**Requirement**
Repeat nothing but the lines below running from the one containing "03 Mount Walker" to the one containing "The product is". Keep both end lines.

**Excerpted data**
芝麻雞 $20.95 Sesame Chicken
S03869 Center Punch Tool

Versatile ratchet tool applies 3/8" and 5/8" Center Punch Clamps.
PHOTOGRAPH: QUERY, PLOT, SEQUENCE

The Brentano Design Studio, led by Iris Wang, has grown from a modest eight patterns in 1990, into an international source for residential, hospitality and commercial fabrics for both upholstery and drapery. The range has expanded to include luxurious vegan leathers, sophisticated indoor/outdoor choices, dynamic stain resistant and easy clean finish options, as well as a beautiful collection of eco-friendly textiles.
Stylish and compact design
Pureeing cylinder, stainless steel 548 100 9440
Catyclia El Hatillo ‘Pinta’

* * *

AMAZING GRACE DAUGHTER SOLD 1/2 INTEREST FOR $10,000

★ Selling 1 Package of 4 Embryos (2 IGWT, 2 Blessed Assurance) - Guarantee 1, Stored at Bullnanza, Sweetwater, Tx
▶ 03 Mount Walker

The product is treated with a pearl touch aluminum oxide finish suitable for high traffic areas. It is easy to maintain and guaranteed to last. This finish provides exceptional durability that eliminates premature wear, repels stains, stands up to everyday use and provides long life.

**Written answer**
▶ 03 Mount Walker

The product is treated with a pearl touch aluminum oxide finish suitable for high traffic areas. It is easy to maintain and guaranteed to last. This finish provides exceptional durability that eliminates premature wear, repels stains, stands up to everyday use and provides long life.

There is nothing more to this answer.